(NEW YORK) — Actress Tori Spelling is sharing a warning with other parents about mold in their home after experiencing a “spiral of sickness” with her own children.
Spelling, who shares five children with her husband Dean McDermott, shared photos on Instagram Wednesday of herself with at least four of her children at an urgent care clinic.
Spelling said in the photos’ caption that she was prompted to look for answers after her kids were in what she described as a months-long “continual spiral of sickness.”
“Used to think… well that’s what happens when you have young kids in school. They just continually bring sicknesses home,” Spelling wrote. “But, when it gets to the point where they are at home sick more than being in school we had to reassess what was going on.”
Spelling wrote that among the symptoms her children have experienced are skin rashes, extreme fatigue, dizziness, fevers and respiratory infections. Her five children range in age from 6 to around 16.
Spelling said a professional mold inspection company found “extreme mold” in the family’s California home, which she said they had been renting.
“It’s hard to just uproot a huge family especially in midst of all feeling so sick and in bed,” she wrote. “But, we now will vacate the home asap.”
How to reduce kids’ exposure to mold at home
According to the Centers for Disease Control and Prevention, mold can cause health effects ranging from skin rashes and burning eyes to coughing and sneezing and a sore throat.
The effects of mold may be more severe, according to the CDC, for people with asthma and those with mold allergies, as well as people who are immune-compromised and who have chronic lung disease.

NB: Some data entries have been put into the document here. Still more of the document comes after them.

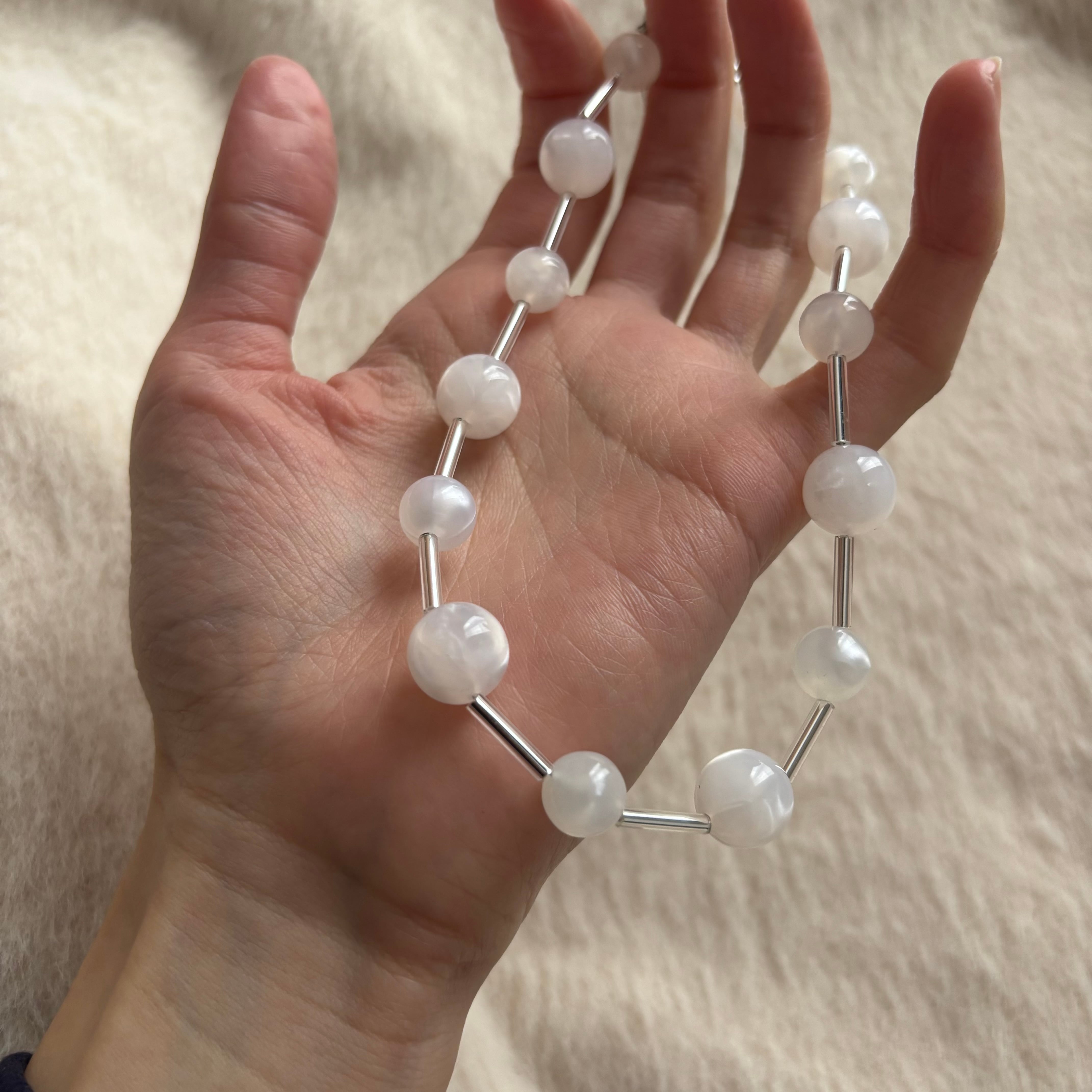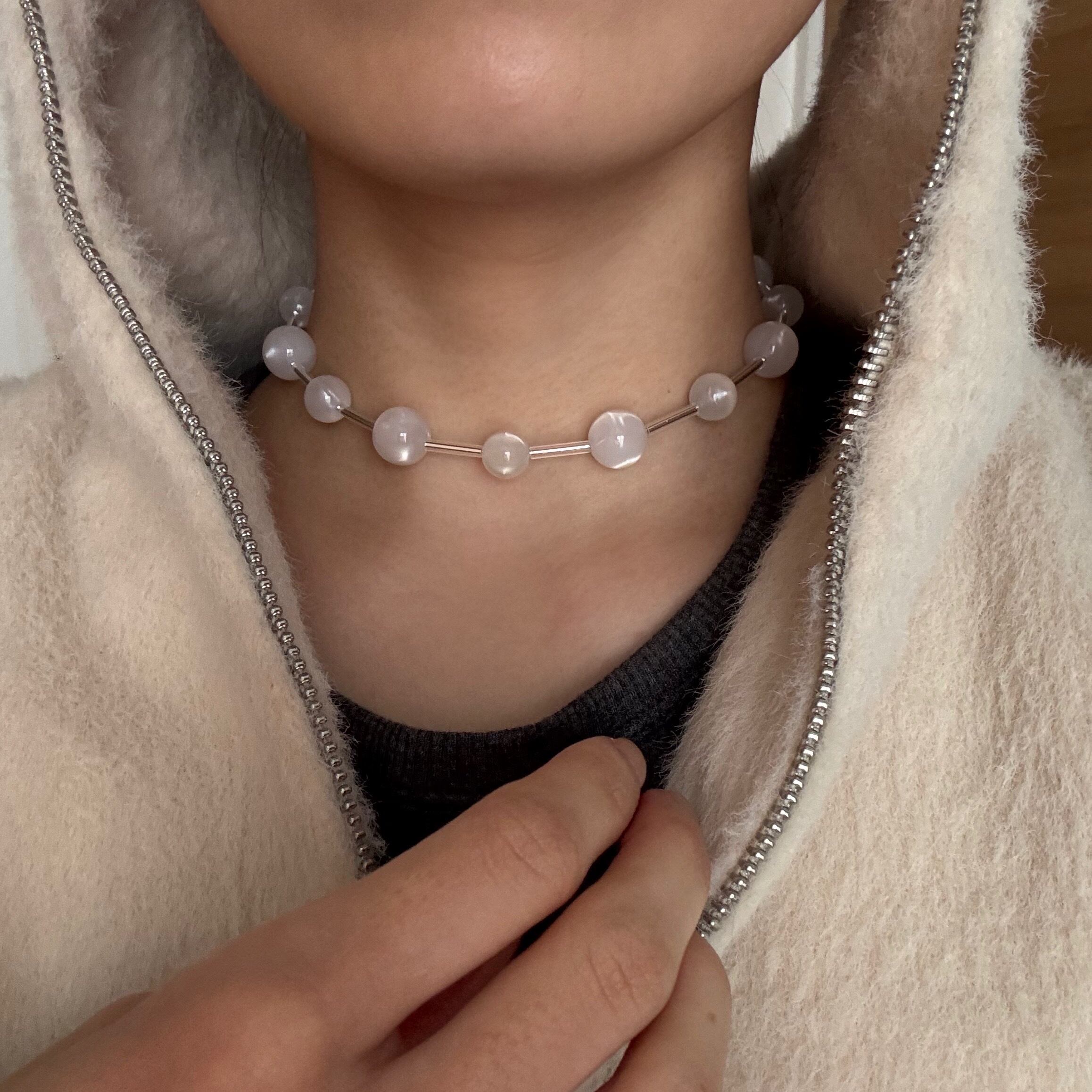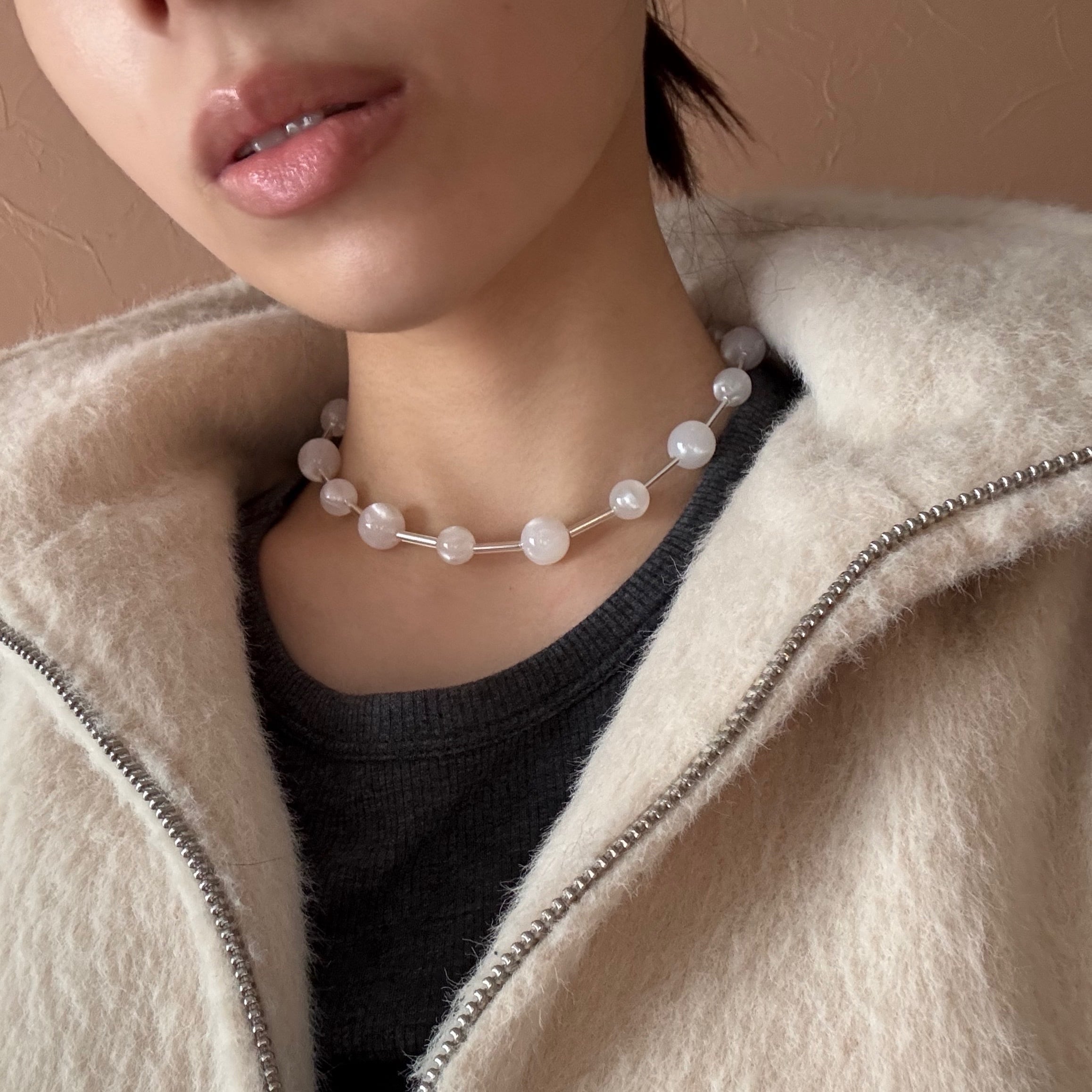 光を受けるたびにふんわりと煌めき、まるで月明かりの中を漂うかのようなネックレスです。シンプルながらも存在感のあるデザインで、日常から特別なシーンまで幅広くお使いいただけます。
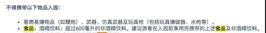 但從2017年11月15日起,上海迪士尼對(duì)入園游覽的游客須知進(jìn)行了調(diào)整,規(guī)定“不得攜帶以下物品入園:食品;酒精飲料;超過(guò)600毫升的非酒精飲料”,這與過(guò)去允許攜帶原始包裝、密封的、未開(kāi)封的及不需任何加工或處理即可享用的食品相去甚遠(yuǎn)。
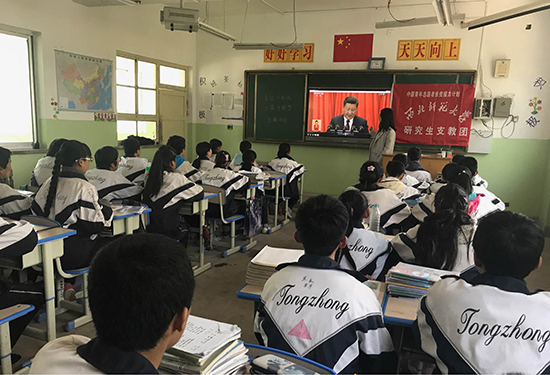 西北师大第六届“中国青年志愿者扶贫接力计划”研究生支教团的12名志愿者们分别在甘肃省武威市天祝藏族自治县第二中学、定西市陇西县通安中学和通渭县陇山学校,以不同形式学习了党的十九大精神,用实际行动续写着西部志愿者的青春篇章。
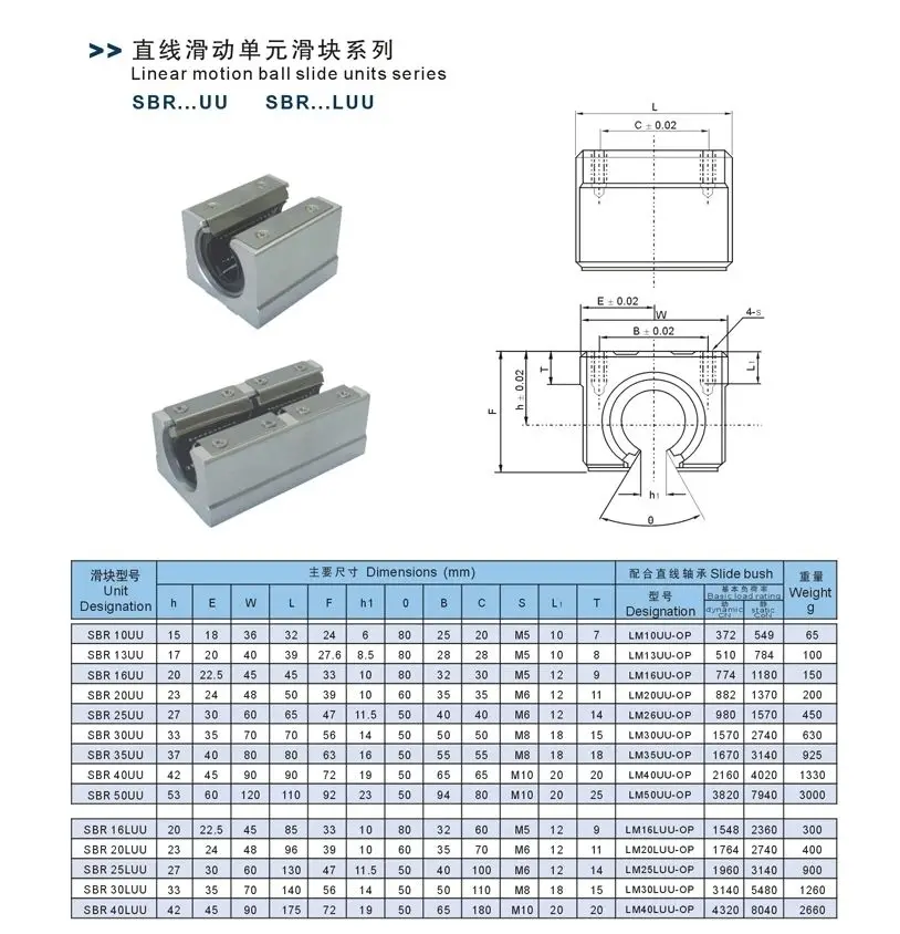 SBR25UU, SBR10UU, SBR20UU, SBR12UU, SBR16UU |

Inside a home, mold can enter through everything from heating and air conditioning systems to open doors and windows, vents and even on clothing, shoes and pets, according to the CDC.
When looking for mold in the home, the CDC notes that mold shows up as spots and can be different colors. It also has a musty smell.
Mold may also be hidden, in which case a professional would need to find the source.
Mold growing in the home should be removed immediately, according to the CDC, by using soap and water, a mold-removing product or a bleach solution.
The Environmental Protection Agency has a comprehensive online guide with tips to prevent mold from growing in the first place.
The most important tip is to control moisture inside the house, according to the agency.
The EPA recommends cleaning indoor water leaks and spills quickly, cleaning and repairing roof gutters frequently and keeping the air conditioning system clear and unobstructed so moisture doesn’t accumulate.
In addition, the agency says to keep indoor humidity below 60% relative humidity, which can be measured with a moisture or humidity meter.
Tips for reducing humidity in a home include using a de-humidifier when needed and running exhaust fans or opening windows when showering, cooking and washing dishes, according to the EPA.